- PROBLEM REQUIREMENTS
Write each line out exactly, from the one containing "本気で願掛けにいっている……" through the final line of the data, and keep pictures out of the copy.

Start of STORED DATA

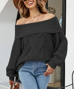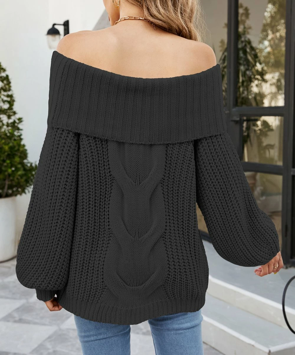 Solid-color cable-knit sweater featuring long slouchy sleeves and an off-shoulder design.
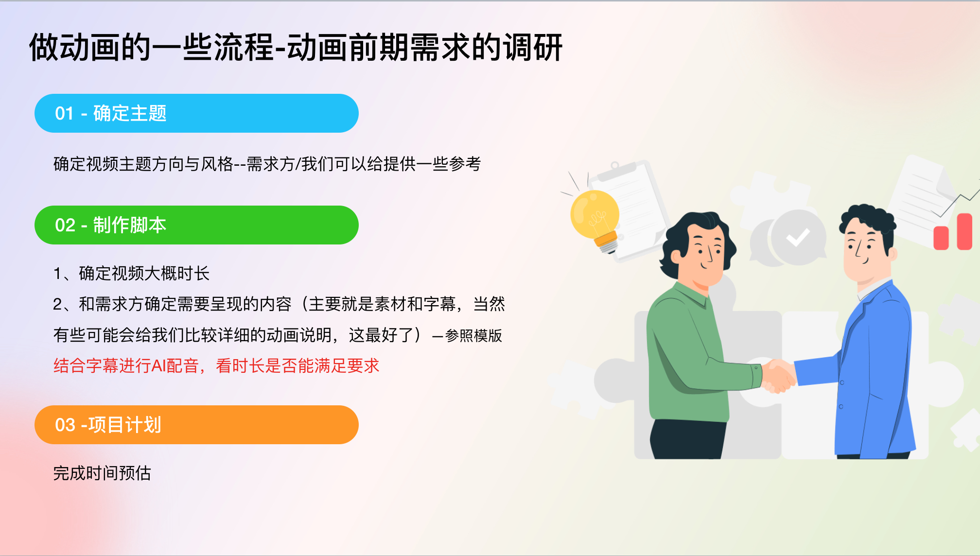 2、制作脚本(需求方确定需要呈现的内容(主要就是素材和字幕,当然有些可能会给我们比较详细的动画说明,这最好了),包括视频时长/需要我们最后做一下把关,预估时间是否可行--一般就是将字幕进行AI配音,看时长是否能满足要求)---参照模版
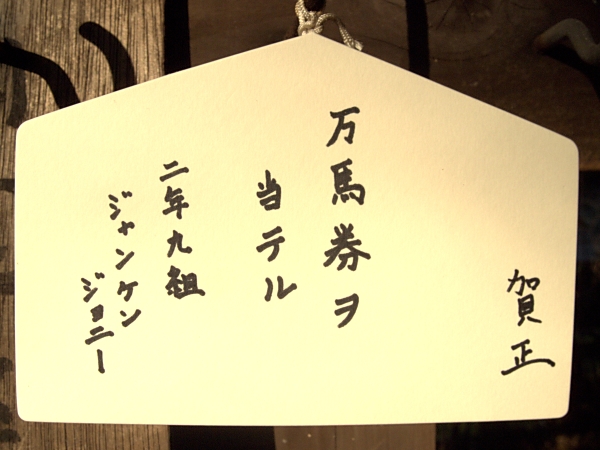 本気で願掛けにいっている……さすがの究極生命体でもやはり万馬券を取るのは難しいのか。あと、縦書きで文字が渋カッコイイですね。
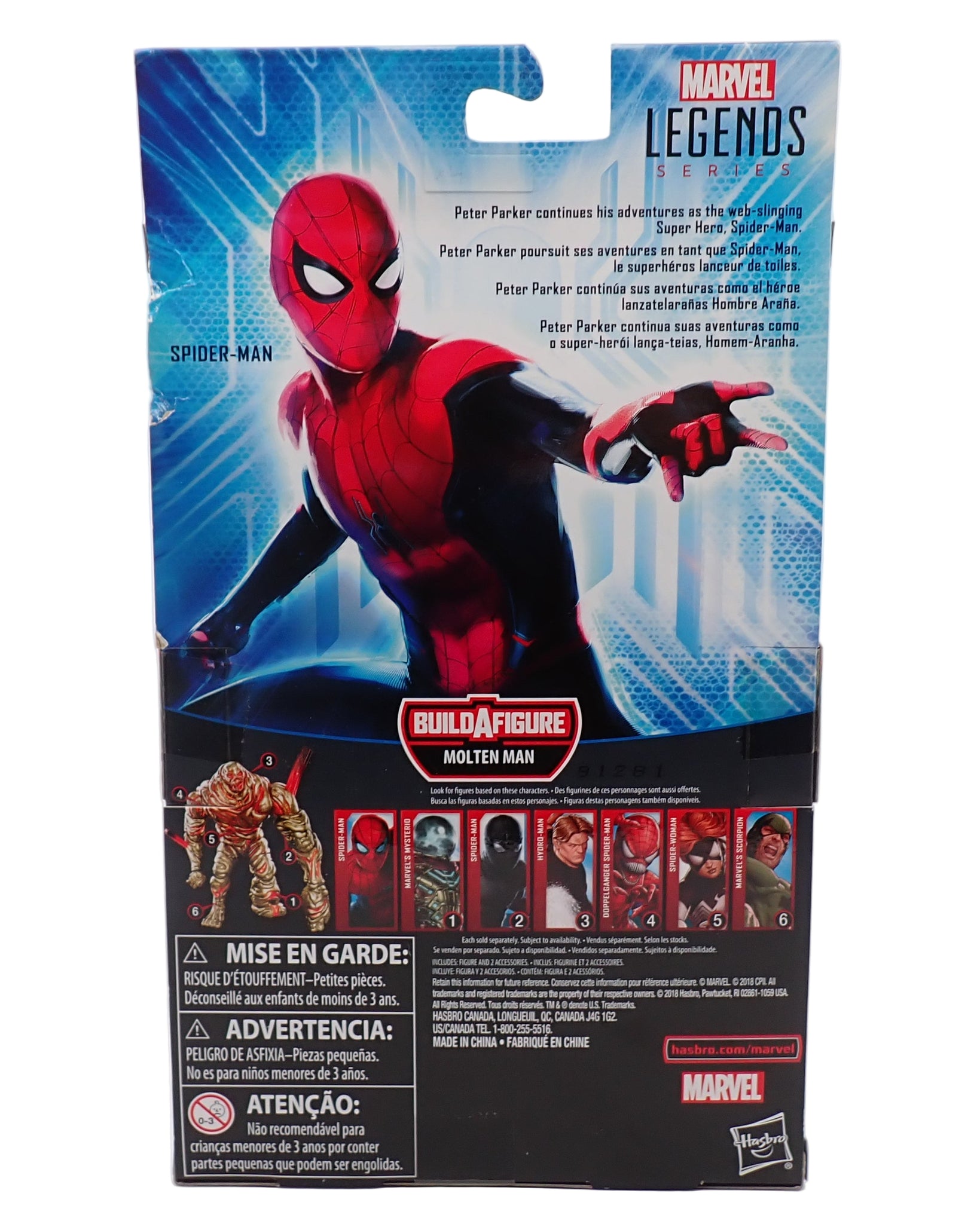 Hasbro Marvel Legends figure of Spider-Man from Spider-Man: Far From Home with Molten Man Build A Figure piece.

End of STORED DATA

- ANSWER TO THIS EXERCISE
 本気で願掛けにいっている……さすがの究極生命体でもやはり万馬券を取るのは難しいのか。あと、縦書きで文字が渋カッコイイですね。
 Hasbro Marvel Legends figure of Spider-Man from Spider-Man: Far From Home with Molten Man Build A Figure piece.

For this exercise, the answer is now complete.